What to do: From the entries below, please output exactly the lines starting at the one containing "2025年9月27日 by 倉田" and ending at the one containing "Государственную награду Французской", both included.

Supplied information:
•••

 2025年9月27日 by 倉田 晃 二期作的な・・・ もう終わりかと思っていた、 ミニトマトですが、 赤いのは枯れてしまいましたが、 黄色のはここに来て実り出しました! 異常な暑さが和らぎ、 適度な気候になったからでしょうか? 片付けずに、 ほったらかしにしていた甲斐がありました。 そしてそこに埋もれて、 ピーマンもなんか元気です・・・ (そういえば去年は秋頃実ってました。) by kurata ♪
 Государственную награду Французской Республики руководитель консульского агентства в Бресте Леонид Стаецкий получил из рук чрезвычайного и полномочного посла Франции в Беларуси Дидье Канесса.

•••

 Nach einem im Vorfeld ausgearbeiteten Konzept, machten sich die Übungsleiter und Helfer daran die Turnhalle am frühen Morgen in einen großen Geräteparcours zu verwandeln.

•••

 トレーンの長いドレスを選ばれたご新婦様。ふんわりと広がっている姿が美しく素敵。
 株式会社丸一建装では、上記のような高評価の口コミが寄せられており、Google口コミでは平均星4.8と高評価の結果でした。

•••

Expected output:
 2025年9月27日 by 倉田 晃 二期作的な・・・ もう終わりかと思っていた、 ミニトマトですが、 赤いのは枯れてしまいましたが、 黄色のはここに来て実り出しました! 異常な暑さが和らぎ、 適度な気候になったからでしょうか? 片付けずに、 ほったらかしにしていた甲斐がありました。 そしてそこに埋もれて、 ピーマンもなんか元気です・・・ (そういえば去年は秋頃実ってました。) by kurata ♪
 Государственную награду Французской Республики руководитель консульского агентства в Бресте Леонид Стаецкий получил из рук чрезвычайного и полномочного посла Франции в Беларуси Дидье Канесса.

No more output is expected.